Я как раз завершал уровень и бился с последней пехотой и остатками танковой дивизии противника. Вот еще что, на еду отвлекаться, подумал, было, я, но, видимо, после голодовки мною временно овладела какая-то животная жадность к еде и я, не отрываясь от экрана, сказал:
– Положи на столик. Я доиграю и поем.
Мизантропов оставил еду и, дребезжа тележкой, молча удалился. Я закончил уровень и только усилием воли отказался сразу же начать следующий, с трудом оторвавшись от клавиатуры и монитора. Подошел к столику и наспех перекусил. Все мои мысли были об игре. Пока я ел, мне в голову пришла довольно интересная и забавная идея. А что если в самом начале постройки базы, отстроив необходимые здания, бросить все силы на укрепление защиты и выстроить по переднему краю базы двойной ряд боевых башен, как противовоздушных, так и против земной техники и пехоты?
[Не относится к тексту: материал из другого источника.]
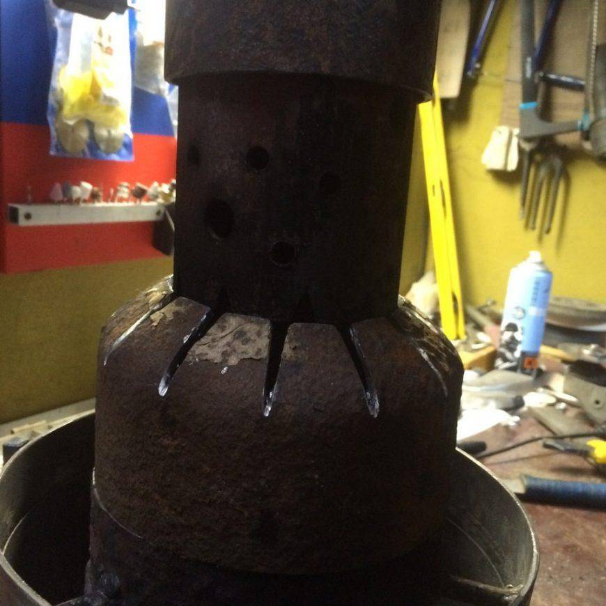 - центральную среднетемпературную камеру (представляющую из себя обычный обрезок трубы с дырками, в которой происходит горение масляных паров);
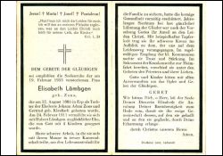 Eltern: Johann Adam Zons und Gertrud geb. Kleefisch; ∞ 24.2.1911 Hubert Lämbgen; 4 Kinder; Totenzettel Druck in Lechenich |
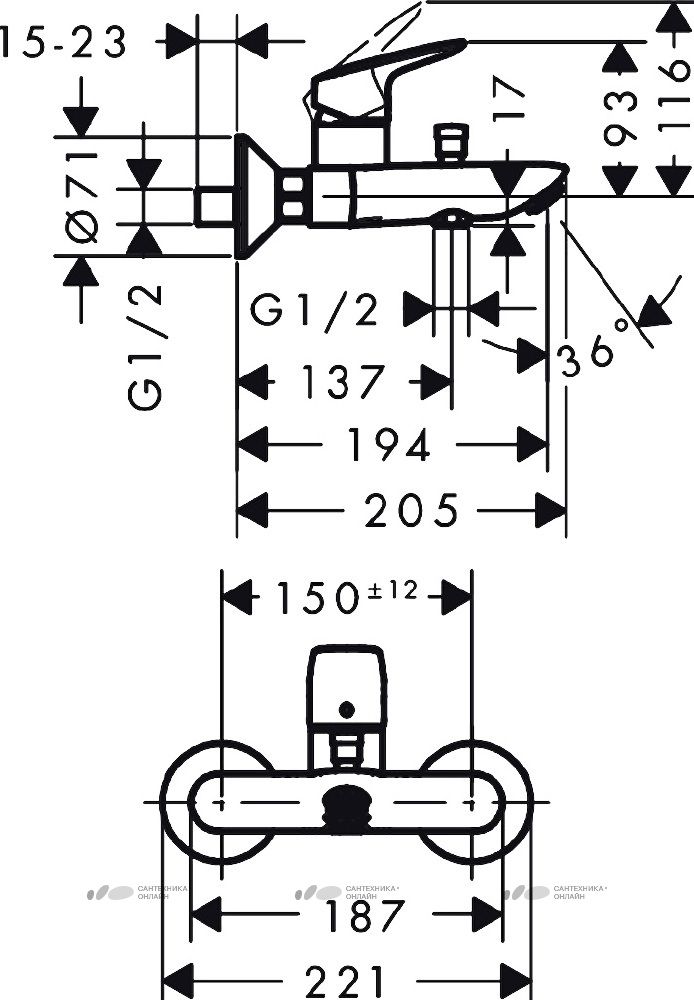 Смеситель для ванны, однорычажный Hansgrohe Logis 71400000 Характеристики продукта: -выступ 19... Подробнее
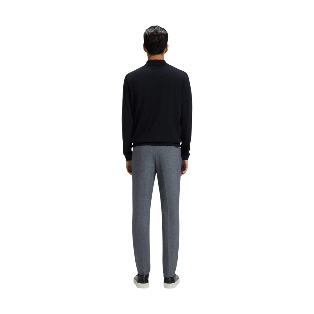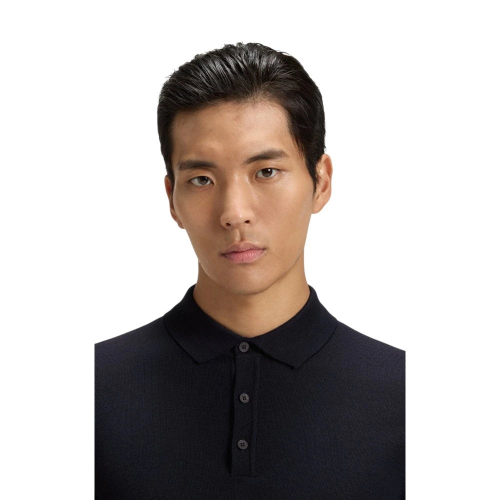 Мужской свитер-поло Boss Lancione синего цвета — стильная и универсальная модель для современного гардероба, сочетающая в себе минималистичный дизайн, комфорт и премиальное качество. Изделие выполнено из 100% натуральной шерсти, которая дарит мягкость, сохраняет тепло и обеспечивает естественную циркуляцию воздуха. Благодаря этим свойствам модель отлично подходит для прохладной погоды и комфортна в течение всего дня.

Да, точно, возможно в этом и заключается весь секрет игры! При следующей мысли я возомнил себя самым настоящим гением компьютерных стратегий. Зачем тратить деньги на постройку стен, защищающих базу, когда можно наделать вокруг пустых хранилищ энергетической руды, что будет намного быстрее и дешевле, так как хранилище занимает больше места, чем доступная за раз часть стены и обладает большим запасом прочности! Пораженный догадками, я не допил сок, бросился к компьютеру и вновь перестал существовать для окружающей реальности.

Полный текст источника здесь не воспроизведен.